Consumer prices barely rose in the past month as plummeting energy prices offset a stark increase in the cost of food items.

The Consume Price Index (CPI) rose 0.1 percent in February according to a report released by the Bureau of Labor Statistics, matching economists’ expectations of low levels of inflation. This represented a 1.1 percent increase in prices overall from last February. In January, that figure stood at 1.6 percent.

“Overall inflation still remains muted, in fact very muted,” said Russell Price, senior economist for Ameriprise Financial.

Price cited an uptick in food prices as responsible for what little inflation did occur in February. The food index increased 0.4 percent, its largest uptick since September 2011. The annual increase was less dramatic at only 1.4 percent from last year.

Overall, the drought in California was the main culprit behind 1.1 percent in price for all fruits and vegetables. And this month you actually could compare apples and oranges: both saw 3.4 percent spikes in price. Some produce items fared better though; including bananas and lettuce, which both went down in price.

Most striking though was the rising cost of beef, which saw a 4 percent surge. Beef roasts saw double that increase.

These numbers represented a ten-year high, a delayed reaction to another drought – one that hit the Midwest two years ago.

“That probably had the largest effect on the supply of beef in the past century,” said Lauren Nitschke, co-owner of Nitschke Natural Beef, which supplies grass-fed beef to supermarkets including Whole Foods.

This drought forced ranchers in states like Oklahoma and Texas to slaughter many cows two years ago, leaving us with fewer cows to eat now as herds struggle to come back to pre-drought numbers. And with increased international demand for American beef, higher prices will continue into the summer’s grilling season.

Penny-pinching carnivores, meanwhile, could find reason to smile in this week’s report. The price of bacon went down for the first time since October. Poultry prices also went down.

“We may see people making the decision to barbeque chicken,” David Berson, senior vice president and chief economist for Nationwide Economics, said.

Also witnessing a decrease in prices were drivers headed to the pump.

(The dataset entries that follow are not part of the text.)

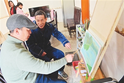 村民陈云发(右一)跟张佰桥学习油画后,创作出20多幅作品。
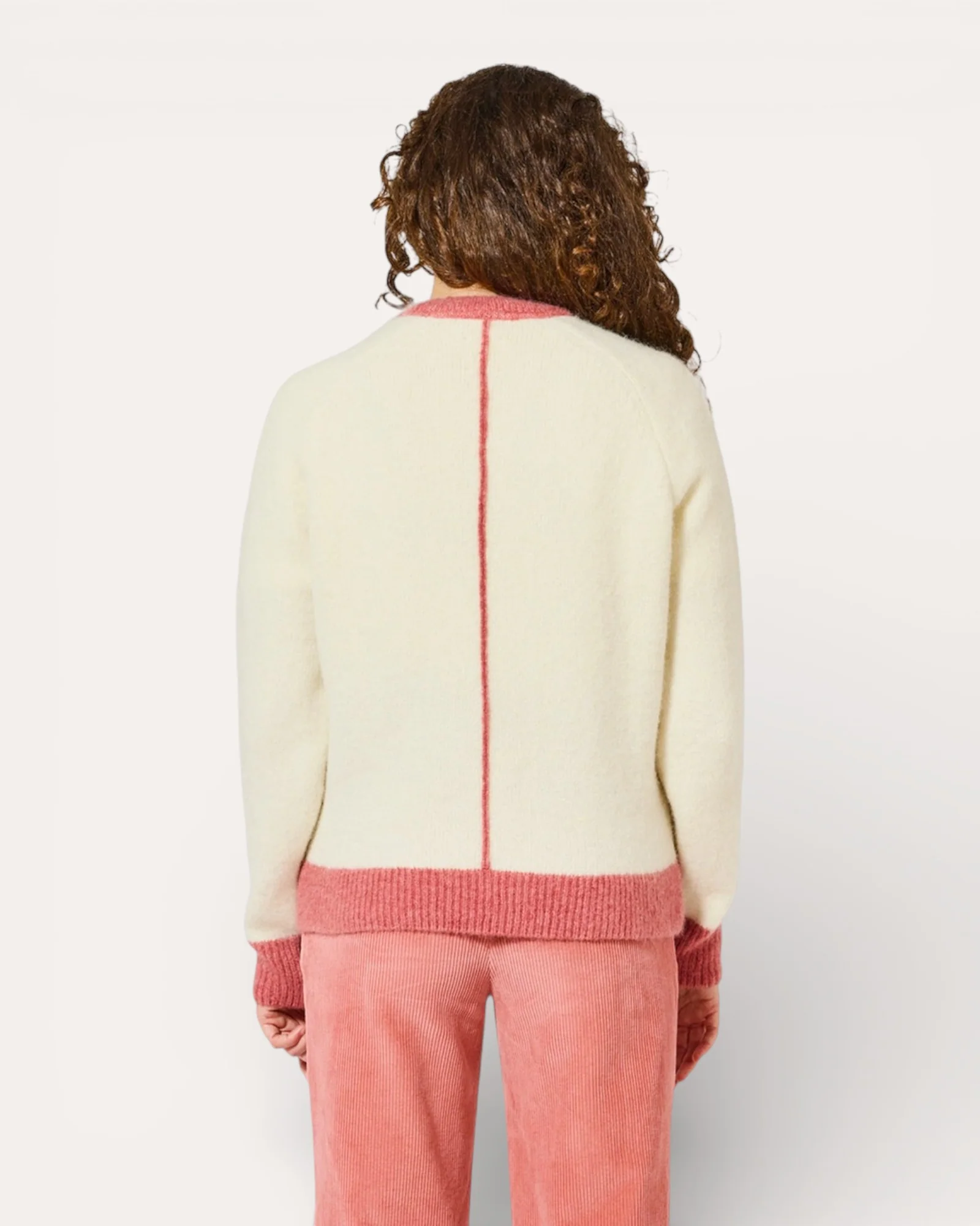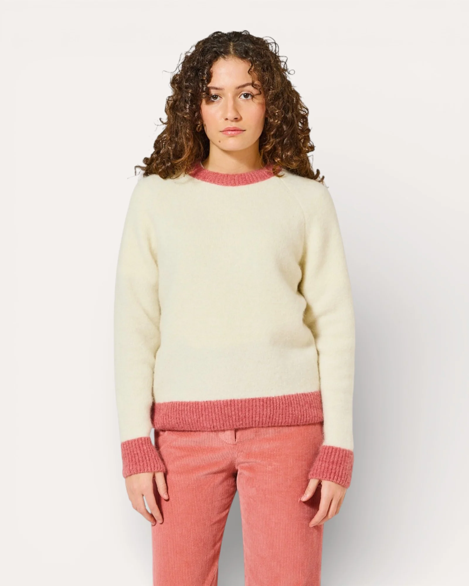 Le pull Baby Lila, décliné dans un mélange harmonieux de crème et de rose, incarne une élégance douce et affirmée. Sa maille texturée et sa coupe fluide en font un essentiel moderne, idéal pour une silhouette féminine sans effort.
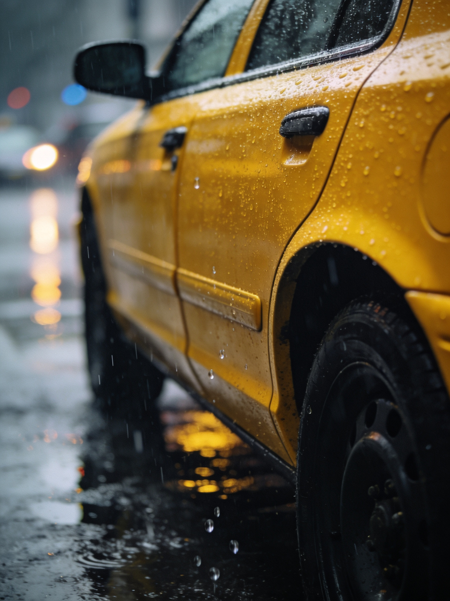 Cinematic street photography, realistic rain reflections, muted tones with yellow as the hero accent, gentle film grain, subtle halation, shallow depth of field, 50mm lens look, crisp texture. Close framing of a yellow taxi door and wheel, raindrops on paint, street reflections, background softly blurred. No logos, no readable text, no license plates, no brand names.
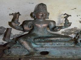 | Description / विवरण | Siva sitting on padma peetam. His right leg folded and the left leg in hanging position. Having four hands. Upper hands carry mazhu and deer. Lower hand shows Abhaya and Kataka mudras. Wearing jata makuta. |
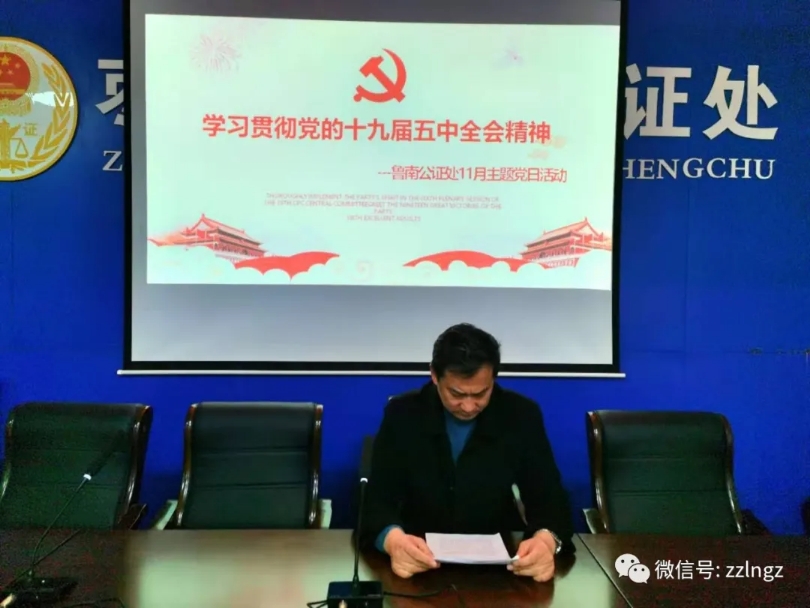 11月27日,枣庄市鲁南公证处党支部在家事服务中心组织党员及青年团员学习贯彻十九届五中全会精神。支部副书记刘卫东同志带领大家共同学习《中国共产党第十九届中央委员会第五次全体会议公报》。
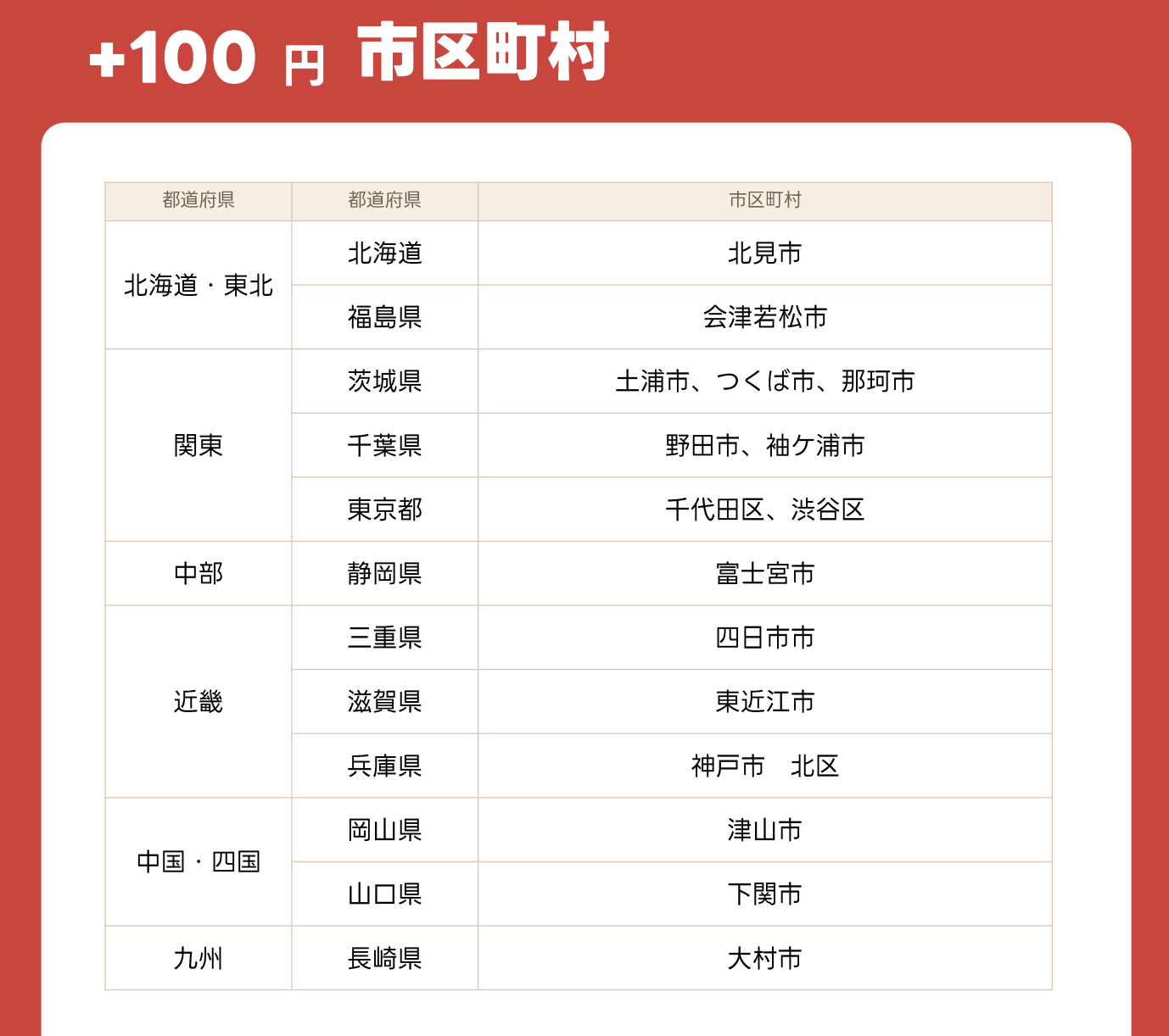 • 【東京都】東京23区・調布市・武蔵野市・八王子市・三鷹市・国分寺市・国立市・多摩市・小平市・小金井市・府中市・日野市・昭島市・東久留米市・東大和市・東村山市・武蔵村山市・清瀬市・狛江市・町田市・稲城市・立川市・西東京市
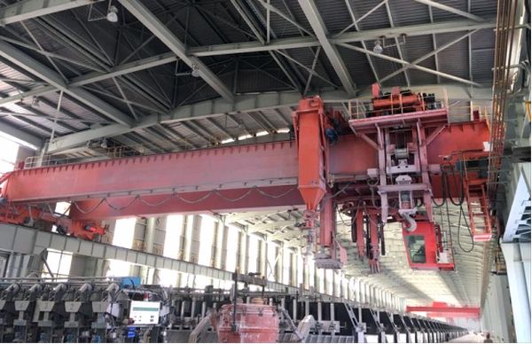 電解鋁多功能起重機(jī)是大型預(yù)焙陽(yáng)極電解鋁生產(chǎn)的關(guān)鍵工藝設(shè)備,能適應(yīng)高溫、大電流、強(qiáng)磁場(chǎng)、多粉塵及HF煙氣的特殊環(huán)境,它能完成預(yù)焙陽(yáng)級(jí)電解槽的下列工藝操作:
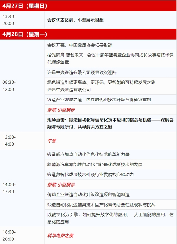 在當今內卷的大環境下生存并發展,企業必須全面普及數字化并擁有“智能工廠”這樣的高端利器,更要具備自我進化的能力,為了幫助行業企業“邁向高端化、引領智能化、踐行綠色化”,中國鍛壓協會將于2025年4月27-29日在河南許昌舉辦“2025鍛造自動化及信息化應用技術研討會”,今年為該研討會的第十屆盛會。
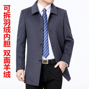 男士双面羊绒呢大衣中长款羽绒内胆中老年加厚翻领羊毛...
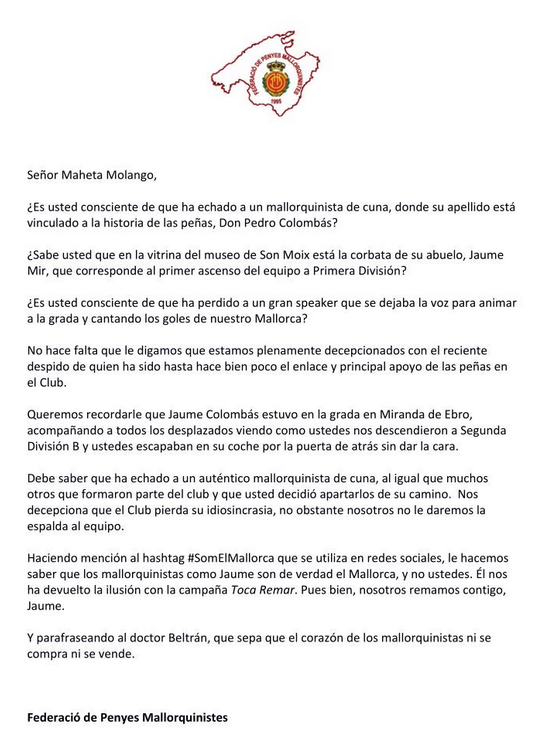 La federación de Penyas del Mallorca ha remitido el siguiente escrito a Maheta Molango en referencia al despido de jaume ColombasÂ
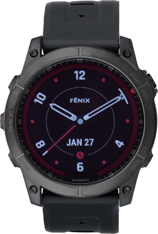 Die fenix 7X GPS Multisport-Smartwatch von Garmin mit Titan-Lünette punktet mit starkem Akku und großem Display. Die Sapphire Solarladelinse sorgt für extralange Akkulaufzeit, sodass Dich die Smartwatch rund um die Uhr bei allen Aktivitäten begleitet. Das transflektive MIP-Display ist auch bei Sonneneinstrahlung gut zu erkennen. Die Uhr lässt sich mit Tasten oder Touchscreen bedienen, bietet Kartennavigation und zahlreiche Sport-Apps und -Profile. Du kannst sie mit Smartphone oder Sensoren koppeln, um ihre Funktionen noch zu erweitern.
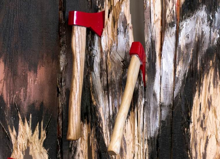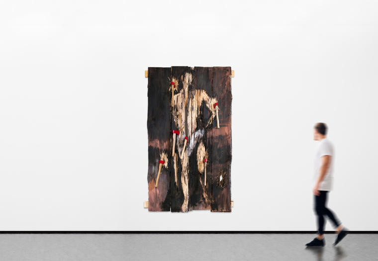 Традиционная иконография не допускала выражения христианскими мучениками экспрессии тела — драма страдания и казни разворачивалась исключительно в выражении лица. Поэтому художники прошлого часто допускали вольные трактовки именно в изображении тел героев христианских притч. В случае Святого Себастьяна мастера прошлого писали разнообразные формы стрел, что пронзают героя, и ран, оставленных ими. В представленной работе мученика буквально рубят на куски — религиозный образ мигрирует в сторону слэшера. По сравнению с тремя изображенными Тицианом стрелами, у Энгельке точно так же воткнуты два из шести топоров, а еще два оставлены за пределами контура фигуры для закрепления пространства. Художник превращает рельеф своей работы в горельеф. Сам по себе плотницкий инструмент с покрашенной в ярко-красный сталью появился в России в последние десятилетия и служит приметой современности, в отличие от традиционного топора с черным обухом. Оставляя напоказ орудие своего труда и превращая его в композиционный элемент, художник демонстрирует потенциал брутальности, присущий его работам. V
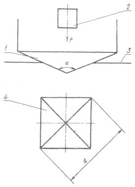 где Р - нагрузка, даН; F - условная площадь боковой поверхности отпечатка, мм2. Условная площадь боковой поверхности отпечатка (F) для стандартной четырехгранной пирамиды с углом при вершине между противоположными гранями 136° равна:
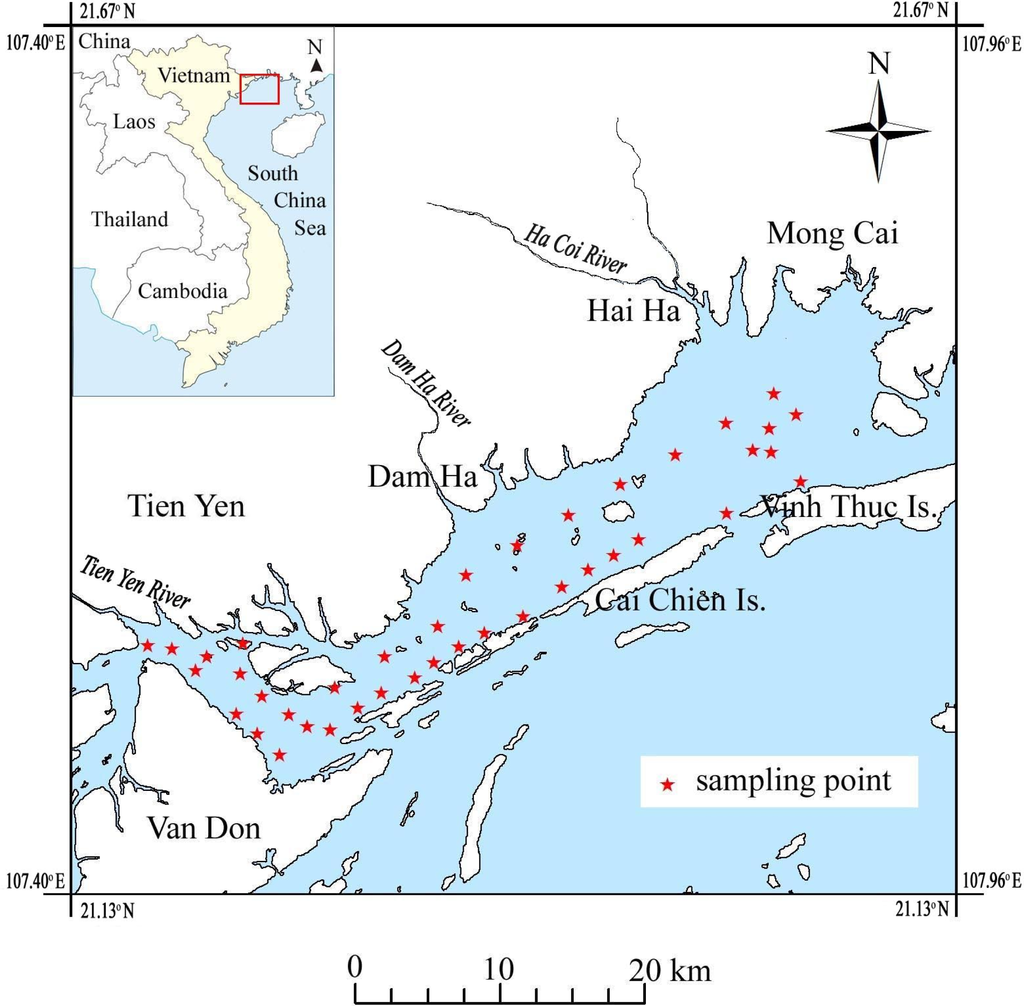 Tien Yen Bay, adjacent to both Vietnam and China, covers an area of approximately 400 km2 and is connected to the South China Sea by five channels (Figure 1). The most remarkable feature of the bay is its shallowness: the sea depth generally ranges from 2 to 5 m; although it becomes deeper in the connecting channels, the maximum depth is still only 20 m. There are five short local rivers that usually transport small quantities of freshwater (the average water discharges of Tien Yen River and Ha Coi River are 22.1 and 7.4 m3/s, respectively) and sediments into the bay. The sediment quantity decreases further in the dry season to 4 mg/L of the total suspended solids. Therefore, the physical and aquatic environment of the bay is a typical closed sea environment, which is influenced mainly by oceanographic factors, such as tide, waves and near-shore currents.
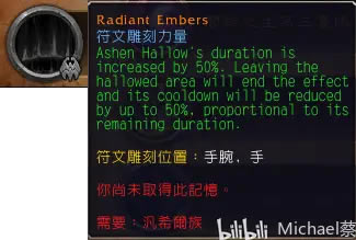 法夜——蔓延转移:从消亡之债获得的力量提高1%,持续时间延长2秒。站在你的消亡之债内时,你产生符文能量的速度提高20%。
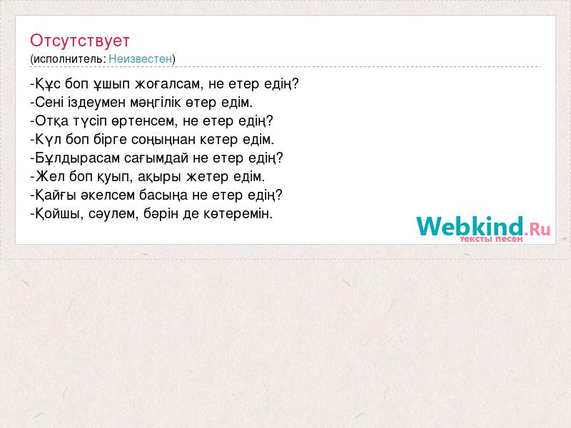 -Құс боп ұшып жоғалсам, не етер едің? -Сені іздеумен мәңгілік өтер едім. -Отқа түсіп өртенсем, не етер едің? -Күл боп бірге соңыңнан кетер едім. -Бұлдырасам сағымдай не етер едің? -Жел боп қуып, ақыры жетер едім. -Қайғы әкелсем басыңа не етер едің? -Қойшы, сәулем, бәрін де көтеремін.

A seasonally adjusted 1.7 decrease in gasoline prices helped stave off the major price hikes still seen in fuel oil and propane as a result of the continued cold weather. Overall, this meant energy prices actually fell by half a percent from January.

Looking to the core CPI, which excludes the price of food and energy, consumers saw the same 0.1 percent notch upward, echoing signs of an unhealthy economy.

Robert Brusca, chief economist for Fact and Opinion Economics, attributed much of this growth to the 0.2 percent increase seen in the service sector. Brusca said that services saw low prices as unemployment increased. Faced with less money and more free time, these people have fueled a do-it-yourself craze, which Brusca said is bad news for the services sector.

“If you’re going to do it yourself that means you’re not going to hire services like that renovation guy to fix up your kitchen,” Brusca said. With this month’s jobs report, which showed the economy added 175,000 jobs, he said we could see prices go up for services in future months.

The release of this month’s CPI report came just as the Federal Reserve’s Open Market Committee met to determine the central bank’s future moves. Brusca said that the current levels of inflation fell well below the Fed’s target of 2 percent, leading him to predict they will forge ahead with their current policies.

“If you think of inflation as some kind of barometer or diagnostic as to how the whole economy is doing, it doesn’t look like it’s doing very well,” Brusca said.